United States / 1960 / UNRESOLVED

Red Bluff Project Blue Book UFO case

A 1960 California Highway Patrol sighting preserved in Project Blue Book. On the night of August 13, 1960, California Highway Patrol officers Charles A. Carson and Stanley Scott reported a silent, illuminated object near Red Bluff and Corning. The case is valuable because it combines trained public-safety witnesses, local follow-up and a surviving Project Blue Book file, while still leaving important gaps about radar, astronomy and the Air Force's final reasoning.

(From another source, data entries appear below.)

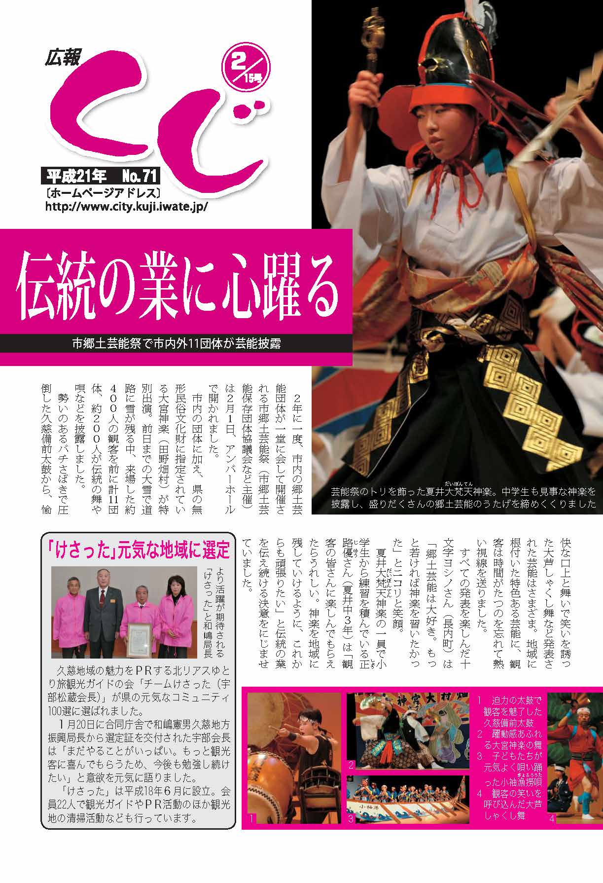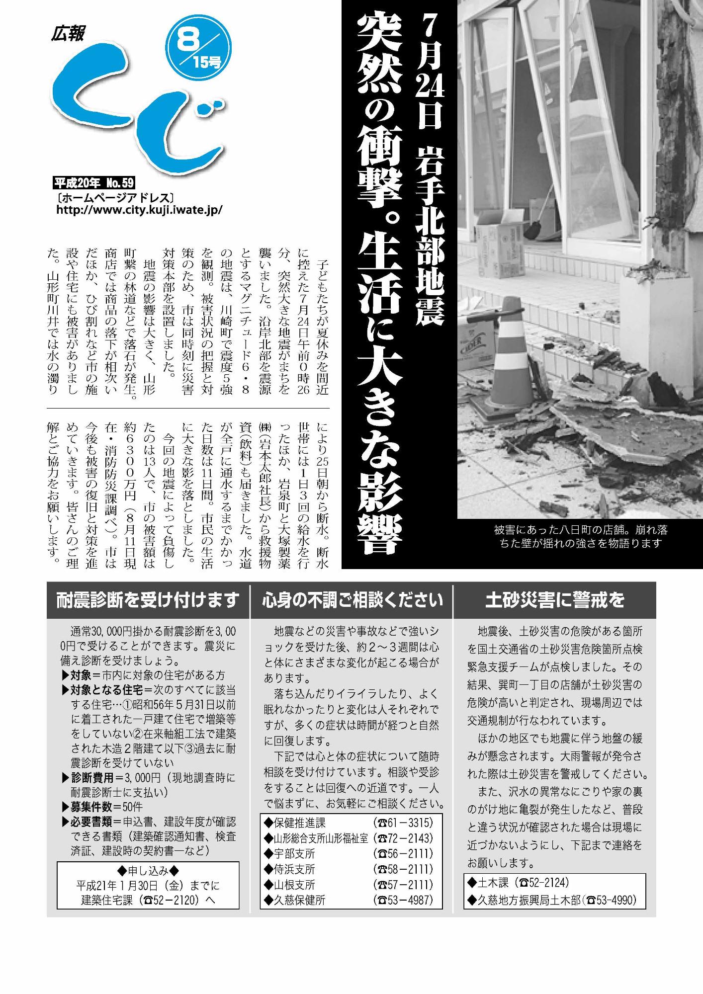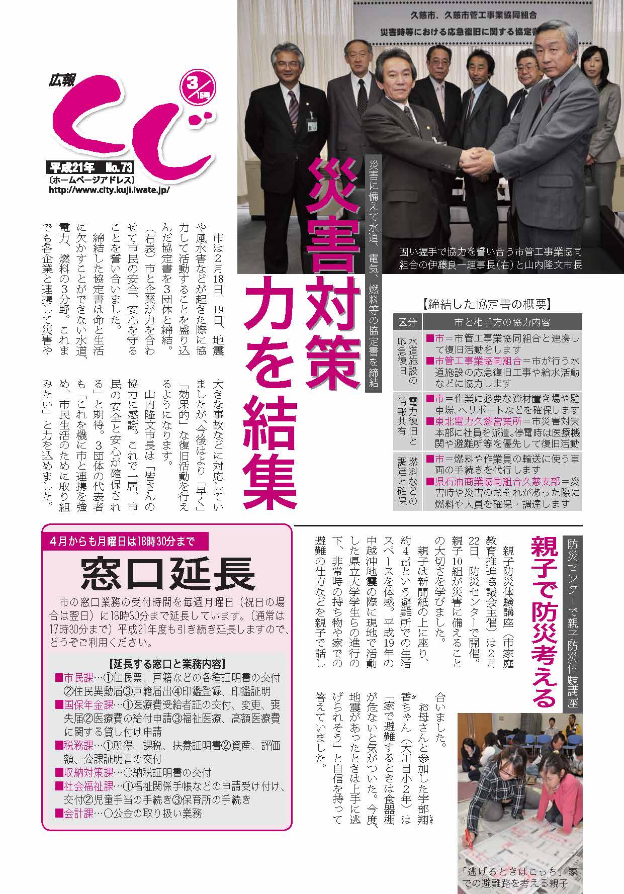 「広報くじ」は、本号を毎月1日、お知らせ号を毎月15日に発行します。1日、15日が土日・祝日の場合は、発行日を繰り上げます。行政連絡区長を通じて、市内全域に配布します。
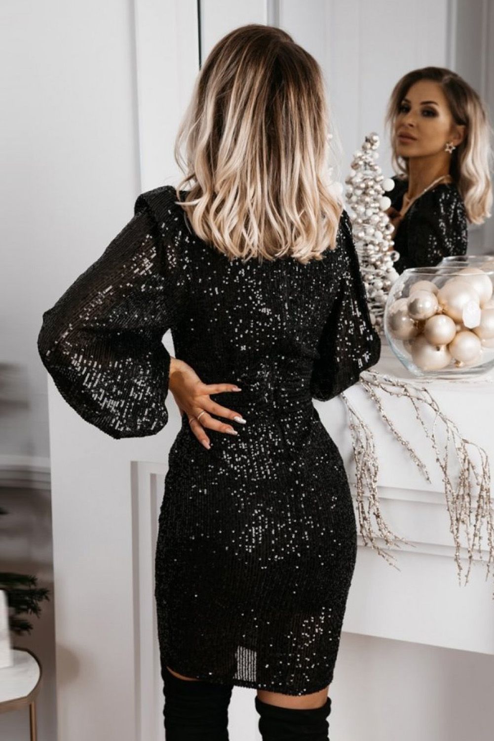 Black V Neck Balloon Sleeve Bodycon Glitter Sequin Dress
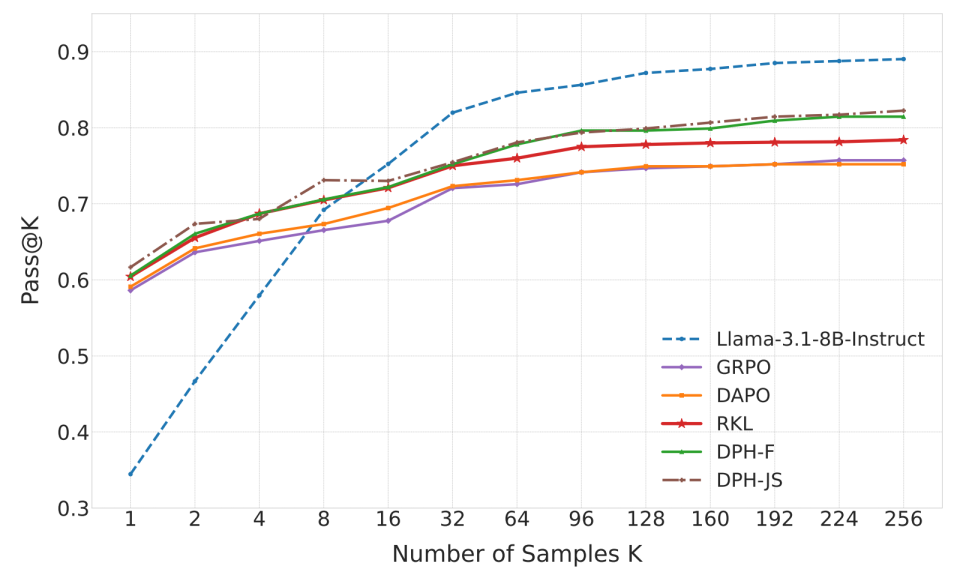 实验表明,DPH-RL不仅能缓解Pass@k下降问题,还可同时提升Pass@1,并在跨域任务上展现出更优的稳定性与泛化能力。更重要的是,这一结果启示我们:在RL后训练时代,保住多样性与提高奖励同等重要。
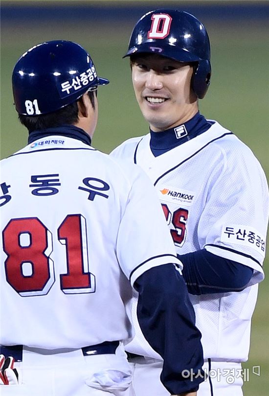 [아시아경제 김현민 기자]프로야구 넥센 히어로즈와 두산 베어스의 2017 KBO리그 경기가 7일 잠실구장에서 열렸다. 2회말 2사 1루에서 두산 김재호가 선취 1타점 2루타를 치고 출루한 뒤 미소 짓고 있다.

GovWeird and NARA Project Blue Book page for the Red Bluff California 1960 UFO case
Local screenshot of the GovWeird/NARA Project Blue Book case page for Red Bluff Area, California, August 1960.
CredibilityB
StatusUNRESOLVED
Evidence types4
Official sources1
Last reviewed2026
Archive assessment

This case remains unresolved in the public record, with credibility grade B.

Documentation
High documentation
Primary location
Red Bluff and Corning, California
Source base
3 linked records
Research use
Comparison case

Case dossier

What happened: Just after 11:40 p.m. on August 13, 1960, California Highway Patrol officers Charles A. Carson and Stanley Scott were on patrol near Corning, south of Red Bluff, when they reported seeing what first looked like an aircraft about to crash. The object was described in later summaries as low, bright, silent and capable of abrupt changes in direction or altitude.

Witness accounts: Carson and Scott were trained law-enforcement observers, but the public record is still mediated through reports, later interviews and Blue Book paperwork. The GovWeird/NARA presentation says the object appeared roughly 13 miles south of Red Bluff and only a few hundred feet above the ground. Saturday Night Uforia's file review adds local radio-interview material and mentions other area personnel who reportedly tried to observe the same object.

Timeline: The core observation began late on August 13 and appears to have continued into the early hours of August 14 as the officers and local contacts followed or watched the lights from different positions. By August 16, the account had reached local radio and the Air Force's Blue Book process. The surviving case file is now indexed through the National Archives as NAID 28988390.

Evidence analysis: The strongest evidence is not a photograph or a clean instrument record; it is the combination of named patrol officers, official paperwork and a specific location and time. The weakest public features are equally important: the record available online does not provide raw radar logs, calibrated angular measurements, original audio from every witness or a fully transparent Air Force reconstruction.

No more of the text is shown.